A Cerruti no le incomodan esas tergiversaciones de Lacan. Tampoco las minimiza o disimula. La cuestión de «¿qué llevaba a Lacan a actuar de esta manera?», aparece formulada en la mitad de este libro y será central en todo lo que le sigue. De allí saldrán las principales conclusiones y la argumentación que lo sostiene para celebrar El sinthome: «Porque no de otra manera se acerca a lo real. Porque Lacan, como Joyce, estaba dispuesto a abandonar su falsa paz».

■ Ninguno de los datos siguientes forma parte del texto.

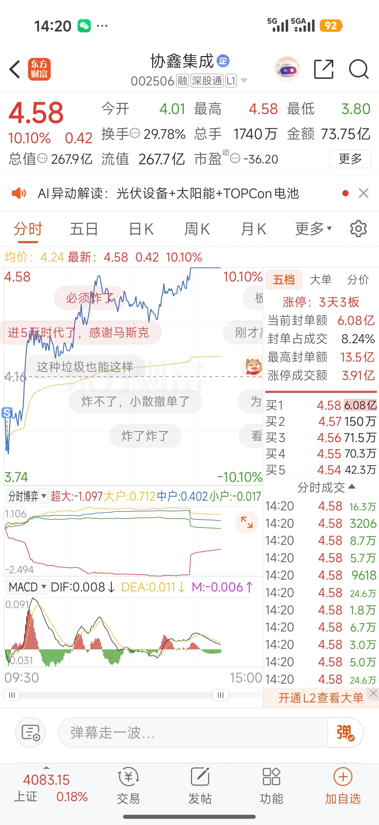 温馨提示: 1.根据《证券法》规定,禁止编造、传播虚假信息或者误导性信息,扰乱证券市场;2.用户在本社区发表的所有资料、言论等仅代表个人观点,与本网站立场无关,不对您构成任何投资建议。用户应基于自己的独立判断,自行决定证券投资并承担相应风险。《东方财富社区管理规定》
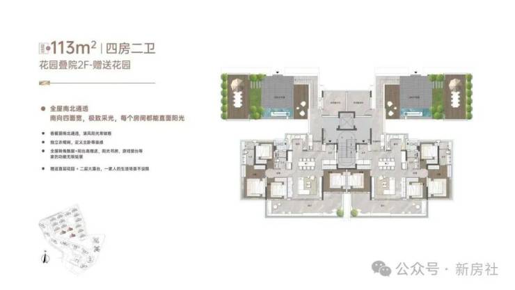 “玥境”为滨江小叠院,主打112-130㎡低密叠院,最大亮点是超高赠送率,1F、2F户型赠送私属花园,3F赠送超大景观露台,4F复式设计,赠送顶层天台。

Pero mientras consiente hasta el elogio el funcionamiento antiacadémico de esa fabulosa máquina de producción de ideas que fueron los seminarios de Lacan, siente indignación por la credulidad con que la mayor parte de sus discípulos lo escucharon o leyeron. Le avergüenza que, a medio siglo del seminario El sinthome, todavía prevalezca en el lacanismo la creencia de que Jacques Lacan reveló la verdad de la vida y obra de James Joyce, con los métodos que Mr. Deasy respaldaría. Deconstruyendo al Joyce de Lacan es, no solamente pero sí en primerísimo lugar, un intento laborioso de cambiar ese estado de la recepción. Ante la abundante bibliografía secundaria que generó El sinthome mantiene que:
Los dichos hacia Joyce están llenos de bajezas, de falta de tacto, de lecturas sesgadas. Eso nos puede llevar a la ruina. […] Desenmascarar el Joyce de Lacan, deconstruirlo, es un trabajo que los analistas se han evitado (no todos), dado que no parecen tolerar dos cosas: que Joyce no sea el que Lacan les presenta, y que Lacan tome a Joyce para hablar de sí mismo.

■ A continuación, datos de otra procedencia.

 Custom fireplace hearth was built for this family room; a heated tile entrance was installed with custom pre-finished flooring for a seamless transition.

Como reflejos y reverberaciones de este alarmante diagnóstico, que yo comparto, el lector encontrará una decena de ocasiones en que Cerruti pierde la paciencia y se pone a sermonear –la entonación del sermón fue muy practicada por Joyce y Lacan–, incluyendo casi siempre la fórmula «Los/as analistas». Por ejemplo:
[La golpiza] que refiere Lacan está en Retrato del artista adolescente. Y, aunque es una ficción, no estaría mal que los/as analistas vayan a leerlo, para sacar sus propias conclusiones, y ver cómo está distorsionado, incluso mal citado, mezclando tiempos y espacios. […] ¿Qué lo llevará [a Lacan] a dejar asentadas varias referencias y pistas que los/as analistas, sin interrogar, sin espíritu crítico, toman al pie de la letra, transformando sus lecturas en una letra bíblica?

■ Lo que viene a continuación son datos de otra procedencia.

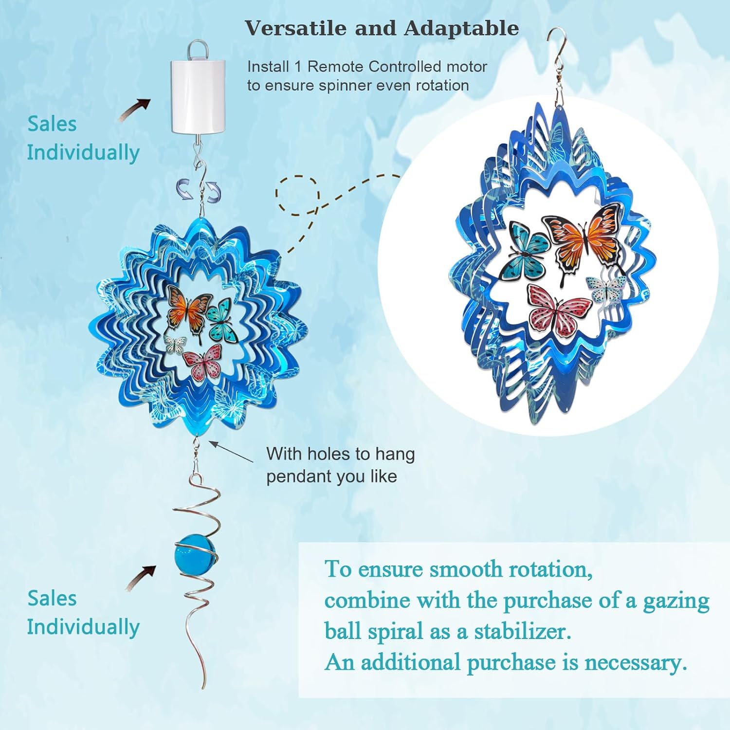 - ăVersatile Wind Spinner OutdoorăThe Butterfly Outdoor Wind Spinner, a symbol of hope, change and rebirth. The Butterfly Spinner is not just a garden decor - it is a tool to invigorate your spirit to feel peace and restoration in its movement.

Se objetará que este prólogo es unilateral, que muy distinto hubiese sido de haber yo optado por la alternativa, mucho más probable, de suponer que Cerruti no leyó, a los diecisiete años, el Ulises de la edición de Penguin, sino la traducción del argentino Salas Subirat. En la página 40 de la edición Salas Subirat, no aparece el barullo que interrumpe la tranquila oficina de Mr. Deasy, sino la voz de Buck Mulligan acusando a Stephen de impiedad en los días de la agonía de su madre. Entrar por esa puerta hubiese, seguramente, privilegiado otras cuestiones de este libro. Como las del duelo, las maternidades y paternidades, los exilios amorosos, las carencias, las políticas del Otro, la no relación sexual y, last but not least, lo que Deconstruyendo al Joyce de Lacan cuenta del propio análisis de Cerruti. ¿No es casi un testimonio de pase? Admito la importancia de esas páginas y, naturalmente, pude haber enviado a Nicolás un Whatsapp para verificar cuál Ulises leyó de jovencito. Sin embargo, me pareció más cercano al espíritu de su libro, y a mi tarea de pregonar su novedad, abstenerme de preguntárselo.